Kartel Ekonomi Politik di Depok sdh terbangun 10 tahun ini. Depok bukan hanya dijadikan basis ideologi yang memproduksi kader-kader militan mereka. Depok sudah jadi lumbung Rupiah, Dollar, dan medium untuk menadah donatur abadi mereka: Riyal/Dinar.
Sekarang mereka tidak berada dalam lingkaran kekuasaan nasional. Untuk itu, mempertahankan singgasana raja-raja kecil mereka adalah sebuah keniscayaan. Mengingat perolehan kursi dewan anjlok, ikhwan dan akhwat pun bingung. Padahal eksodus besar-besaran warga Bogor, Bekasi, Tangerang kader-kader dan simpatisan mereka sudah rame-rame bikin KTP di Depok sejak setahun yang lalu.
Hasil Pemilu Legislatif 2014 di Depok membuktikan rakyat sudah muak dengan kemunafikan mereka. Pilkada Depok adalah momentum bagi mereka untuk bangkit. Menata kembali kekuatan yang terserak. Karena bagaimanapun, mesin mereka bisa hidup dengan bahan bakar "Sekolah Islam Terpadu, Yayasan, Bimbel, properti, dan project-project kesehatan".

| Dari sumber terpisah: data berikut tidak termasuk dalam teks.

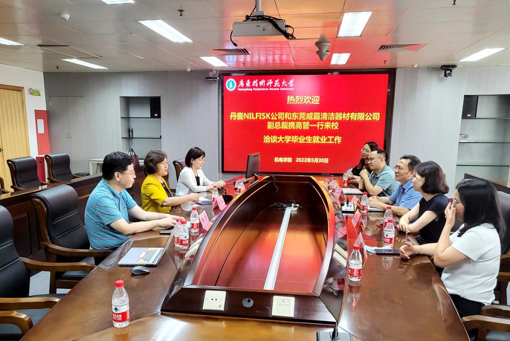 过炜华介绍了力奇集团在商用清洁设备、真空吸尘器、机器人等方面的发展情况,表示希望与我校进一步加强在学生就业、实验室共建等领域的合作,推动校企合作深入发展。机电学院负责人介绍了学院的学科专业建设、科研、人才培养、师资队伍、学生就业等基本情况。双方就开展实习就业、产教融合等问题进行了深入交流。

Sadarlah, kawan. Kemenangan kita sudah di depan mata. Untuk mengembalikan Depok yang nyaman bagi semua. Yang guyub tanpa ideologi impor 'gurun pasir' perusak tatanan kerukunan hidup umat beragama.
Salam Rahmatan lil alamiin. Salam Pancasila. Dan salam PERUBAHAN. Coblos Nomor SATU (1). Dimas Babai. Yuk rame-rame ke TPS. Masih ada waktu.